§ What you should do:
The printed result should hold only the lines from the opening of the data through the line bearing "Монголын Өмгөөлөгчдийн Холбоо болон", exactly as given and without pictures.

Stored dataset items:
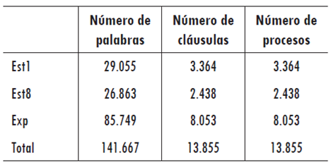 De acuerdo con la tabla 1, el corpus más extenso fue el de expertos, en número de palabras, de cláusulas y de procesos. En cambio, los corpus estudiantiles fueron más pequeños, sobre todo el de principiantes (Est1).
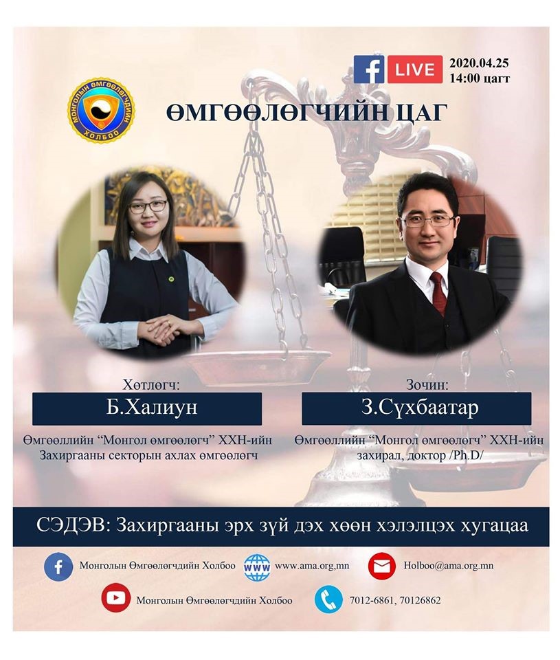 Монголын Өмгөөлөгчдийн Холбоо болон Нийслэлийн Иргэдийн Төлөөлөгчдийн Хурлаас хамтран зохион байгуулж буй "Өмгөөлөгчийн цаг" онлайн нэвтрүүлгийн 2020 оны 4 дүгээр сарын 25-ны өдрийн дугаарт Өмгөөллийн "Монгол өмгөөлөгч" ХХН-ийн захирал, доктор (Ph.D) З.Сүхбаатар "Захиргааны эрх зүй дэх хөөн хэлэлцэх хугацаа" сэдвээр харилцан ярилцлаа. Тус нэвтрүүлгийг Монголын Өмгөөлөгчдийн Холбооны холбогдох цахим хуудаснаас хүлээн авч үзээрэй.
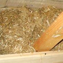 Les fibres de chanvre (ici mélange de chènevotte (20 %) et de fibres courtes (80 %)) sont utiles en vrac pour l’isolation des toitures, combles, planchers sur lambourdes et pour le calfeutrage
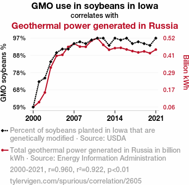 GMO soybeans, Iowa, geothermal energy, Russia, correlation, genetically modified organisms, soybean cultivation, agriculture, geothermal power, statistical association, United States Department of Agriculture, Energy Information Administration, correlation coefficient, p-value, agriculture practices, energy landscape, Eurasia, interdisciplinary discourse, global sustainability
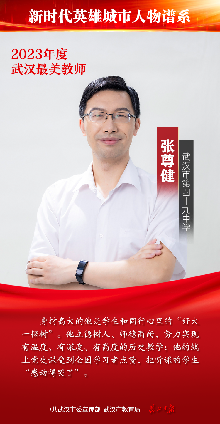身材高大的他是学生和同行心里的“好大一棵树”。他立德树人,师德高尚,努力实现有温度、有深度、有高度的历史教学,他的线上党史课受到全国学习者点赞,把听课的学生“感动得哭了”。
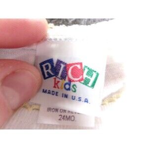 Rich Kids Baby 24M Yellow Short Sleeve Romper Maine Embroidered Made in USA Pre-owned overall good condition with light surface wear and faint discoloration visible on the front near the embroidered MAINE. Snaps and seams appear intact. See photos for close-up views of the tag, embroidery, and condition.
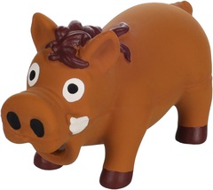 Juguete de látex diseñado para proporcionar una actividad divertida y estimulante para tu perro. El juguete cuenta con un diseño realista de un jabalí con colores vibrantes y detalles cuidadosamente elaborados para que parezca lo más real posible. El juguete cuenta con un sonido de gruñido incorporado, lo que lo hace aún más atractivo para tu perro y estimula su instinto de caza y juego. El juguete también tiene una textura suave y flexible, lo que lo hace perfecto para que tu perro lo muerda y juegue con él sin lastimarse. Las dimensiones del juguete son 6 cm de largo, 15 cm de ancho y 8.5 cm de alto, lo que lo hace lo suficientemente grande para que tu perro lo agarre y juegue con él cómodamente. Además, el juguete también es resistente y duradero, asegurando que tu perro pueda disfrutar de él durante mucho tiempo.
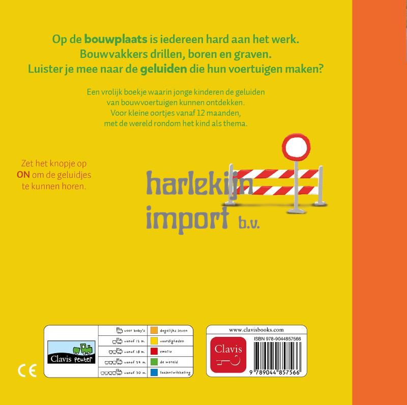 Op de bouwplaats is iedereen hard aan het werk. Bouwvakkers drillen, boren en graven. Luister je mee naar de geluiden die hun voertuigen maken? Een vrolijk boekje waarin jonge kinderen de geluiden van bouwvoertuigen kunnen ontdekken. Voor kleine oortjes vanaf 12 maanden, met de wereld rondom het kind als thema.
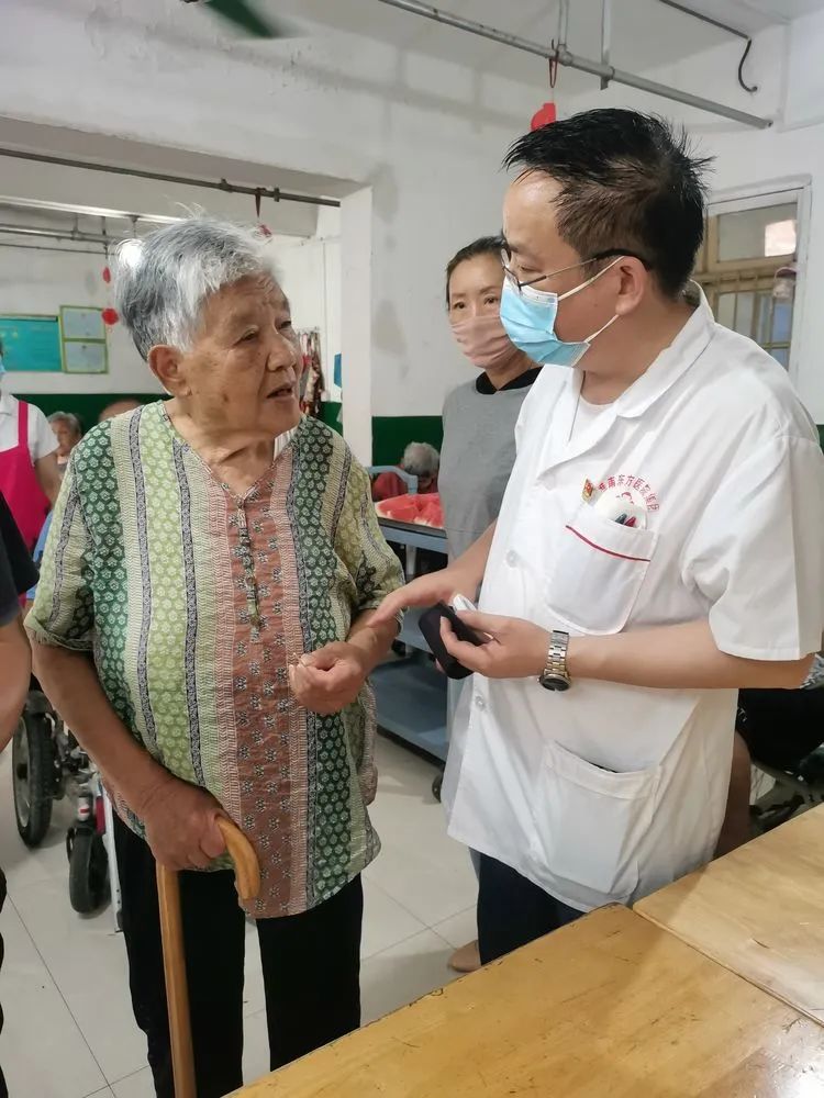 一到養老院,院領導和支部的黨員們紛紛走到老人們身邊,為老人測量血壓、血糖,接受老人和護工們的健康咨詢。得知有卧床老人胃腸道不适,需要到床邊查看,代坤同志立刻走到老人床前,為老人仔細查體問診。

§ Solution:
 De acuerdo con la tabla 1, el corpus más extenso fue el de expertos, en número de palabras, de cláusulas y de procesos. En cambio, los corpus estudiantiles fueron más pequeños, sobre todo el de principiantes (Est1).
 Монголын Өмгөөлөгчдийн Холбоо болон Нийслэлийн Иргэдийн Төлөөлөгчдийн Хурлаас хамтран зохион байгуулж буй "Өмгөөлөгчийн цаг" онлайн нэвтрүүлгийн 2020 оны 4 дүгээр сарын 25-ны өдрийн дугаарт Өмгөөллийн "Монгол өмгөөлөгч" ХХН-ийн захирал, доктор (Ph.D) З.Сүхбаатар "Захиргааны эрх зүй дэх хөөн хэлэлцэх хугацаа" сэдвээр харилцан ярилцлаа. Тус нэвтрүүлгийг Монголын Өмгөөлөгчдийн Холбооны холбогдох цахим хуудаснаас хүлээн авч үзээрэй.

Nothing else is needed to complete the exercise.